Given information:
====================

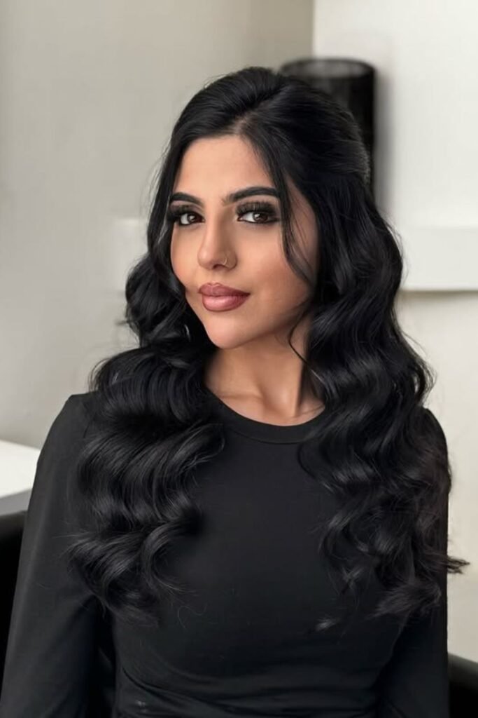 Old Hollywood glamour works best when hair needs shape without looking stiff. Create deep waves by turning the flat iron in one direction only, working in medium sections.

====================

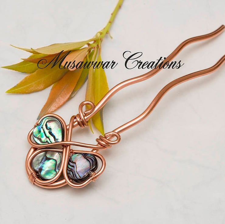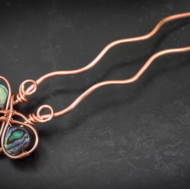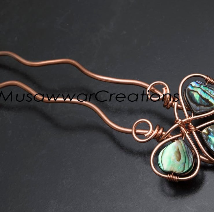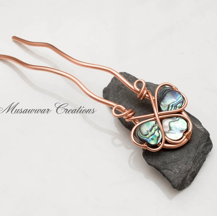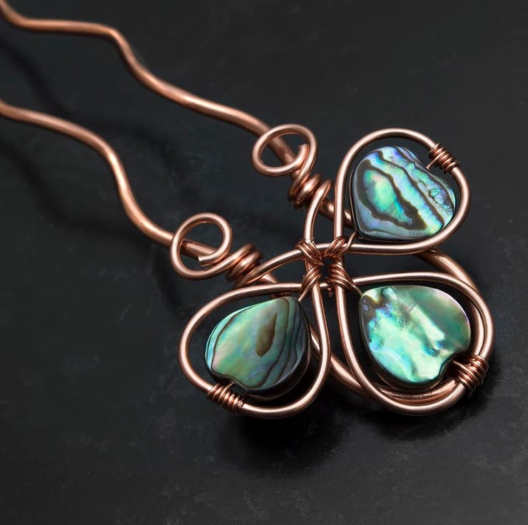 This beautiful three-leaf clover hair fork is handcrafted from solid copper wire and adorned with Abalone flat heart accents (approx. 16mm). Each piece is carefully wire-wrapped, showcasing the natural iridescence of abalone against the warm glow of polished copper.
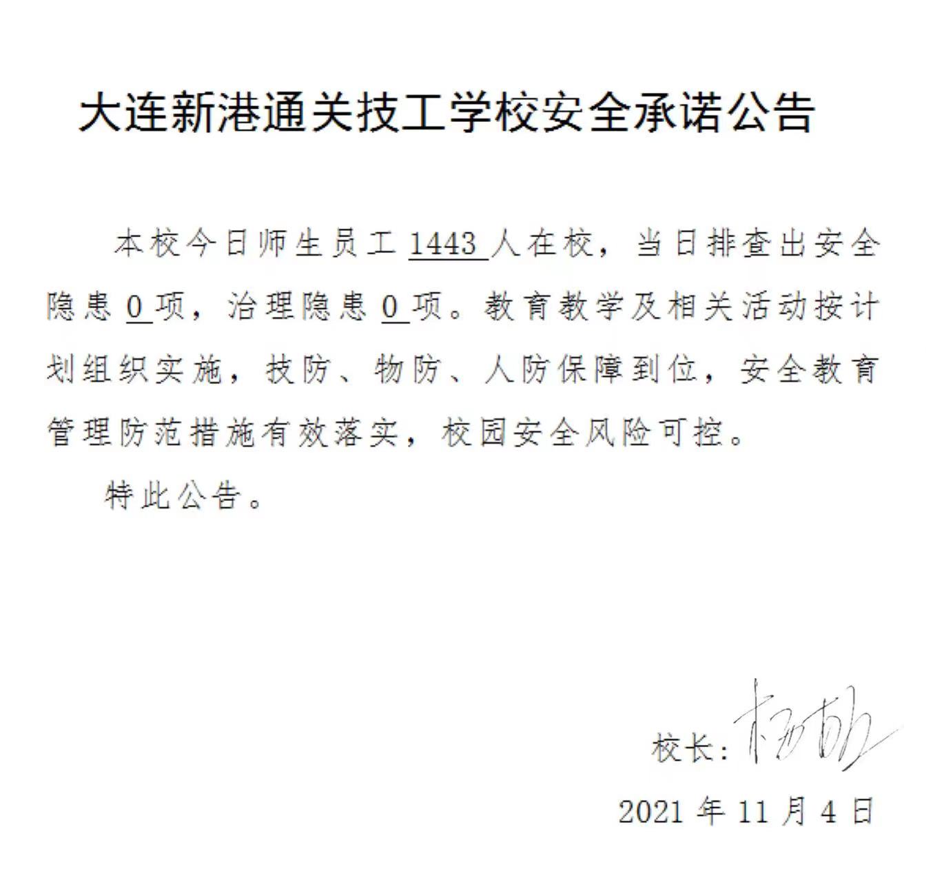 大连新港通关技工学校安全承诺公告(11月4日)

====================

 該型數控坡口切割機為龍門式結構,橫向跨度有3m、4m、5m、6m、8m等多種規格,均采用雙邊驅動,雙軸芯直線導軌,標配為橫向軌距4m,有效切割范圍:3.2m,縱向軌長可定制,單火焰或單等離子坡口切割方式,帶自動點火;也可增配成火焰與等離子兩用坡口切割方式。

====================

Your goal:
Reproduce the listing above only between the lines holding "This beautiful three-leaf" and "大连新港通关技工学校安全承诺公告(11月4日)", inclusive. Every line must match exactly, and pictures are dropped.

Reply to the task:
 This beautiful three-leaf clover hair fork is handcrafted from solid copper wire and adorned with Abalone flat heart accents (approx. 16mm). Each piece is carefully wire-wrapped, showcasing the natural iridescence of abalone against the warm glow of polished copper.
 大连新港通关技工学校安全承诺公告(11月4日)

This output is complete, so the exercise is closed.